3. Auto-deflection (deploys in week 4-6)
Only after the first two are running do we add the auto-reply layer — and only for the narrow set of tickets where (a) the classifier is highly confident, (b) the docs cleanly answer the question, and (c) the resolution doesn't touch a refund, a payment, or a sensitive-account action.
This is the deflection number the buyer was originally asking about. With the right scope it lands at 40–65% of total ticket volume. The remaining 35–60% — including everything spicy or ambiguous — flows to humans, augmented by component 2.
The 20% nobody asks for
The single most valuable thing we deliver, that no one ever puts in the brief: a feedback loop from the human edits back into the AI's draft prompt. Every time a human edits the AI's suggested reply, we capture (a) the original draft, (b) the sent reply, and (c) the diff. Twice a week we feed that to a Sonnet-powered analyser that proposes prompt improvements.
This is what keeps the system getting better. Without it, the drafting assistant locks in at "decent" and slowly degrades as the product changes. With it, quality compounds. We've measured handle-time reductions accelerating in months 3–6 specifically because of this loop.
What we explicitly don't ship
- An "AI agent" that resolves tickets autonomously across the full surface area. Even with 2026 models, the long tail of CS contains too many bear traps. The 60-80% of volume that's safe to fully automate, automate. The rest, augment.
- A chat widget on the marketing site. Buyers love these. They underperform a well-designed FAQ + search bar by every metric we can measure, and they leak embarrassing screenshots more often than humans realise.
- Voice-bot phone support without a hard scope. Voice bots work for narrow paths (status checks, appointment booking). They badly hurt CSAT on anything else.
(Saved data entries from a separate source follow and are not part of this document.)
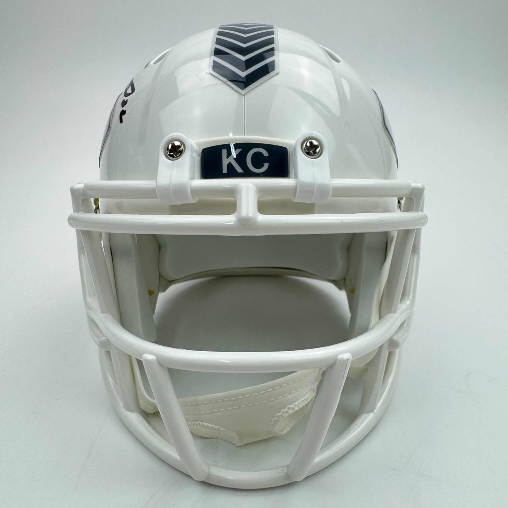 Autographed/Signed Trent McDuffie Kansas City Chiefs White Salute to Service Mini Football Helmet Beckett BAS COA
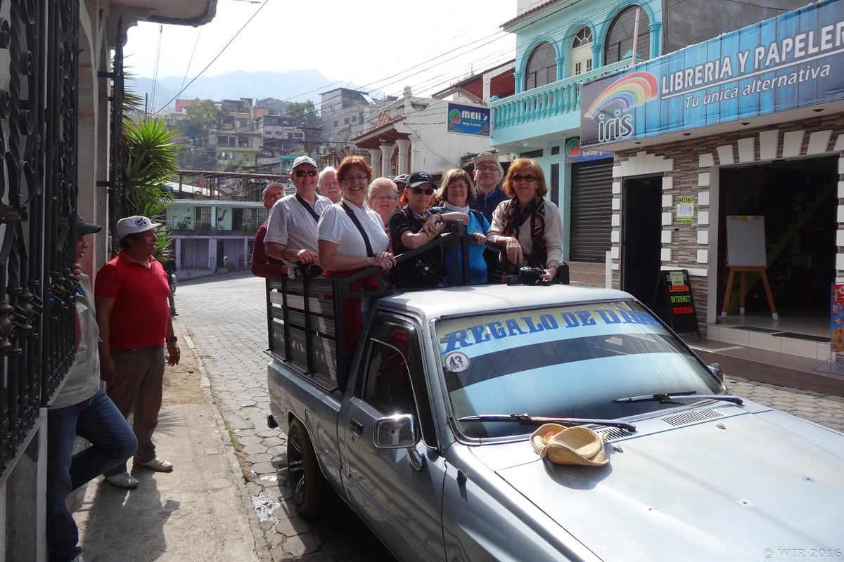 – Cała grupa załadowała się na stojąco na ładownię pickupa i objechaliśmy miasteczko w Gwatemali.
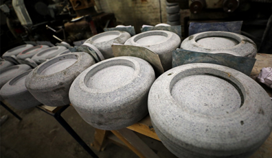 La production d’une pierre de curling demande une vingtaine de processus, incluant la taille de la pierre brute au meulage, en passant par le collage, le polissage à la main.

- Sentiment-driven escalation. Sounds good in a deck, fails in deployment because the model thinks every ticket with a frustrated word is "urgent." We use rule-based escalation tied to ticket-category and customer-tier instead.
- "Knowledge base auto-generation." The KB is the authoritative source. AI-generated KBs are a way to launder the model's hallucinations into a place humans then trust. Don't.
The numbers we see
Across the last six CS engagements we've shipped, blended outcomes after 90 days of running all three components:
- Tickets fully deflected (no human touch): 38–62% (median: 52%)
- Tickets human-answered with AI draft: 92% of the rest
- Average handle-time reduction on AI-drafted tickets: 41%
- CSAT change: -1 to +3 points (median: +1, statistically a wash)
- Cost per ticket decrease: 35–60%
The CSAT result is the one buyers always pre-worry about. Our take: with the architecture above, CSAT is roughly flat. With an "AI agent handles everything" architecture, CSAT drops by 5-10 points and stays there. The architecture is the difference. (For the anti-pattern in detail, see our When NOT to build with AI piece — engagement #1 is exactly this trap.)
What this stack costs
Build time: 4–6 weeks for a mid-market team (50–500K tickets/yr). Ongoing AI cost: ~$0.04–0.12 per ticket processed across all three components, depending on ticket length. For a team handling 30K tickets/mo, that's $1,200–$3,600/mo in model spend, against whatever fraction of FTE time you're freeing up.
The math has not been close on a single engagement we've shipped. Payback is months, not quarters. The reason for the post is: the shape we've described is not what most teams pitch themselves first. Picking the right scope is worth more than picking the right vendor.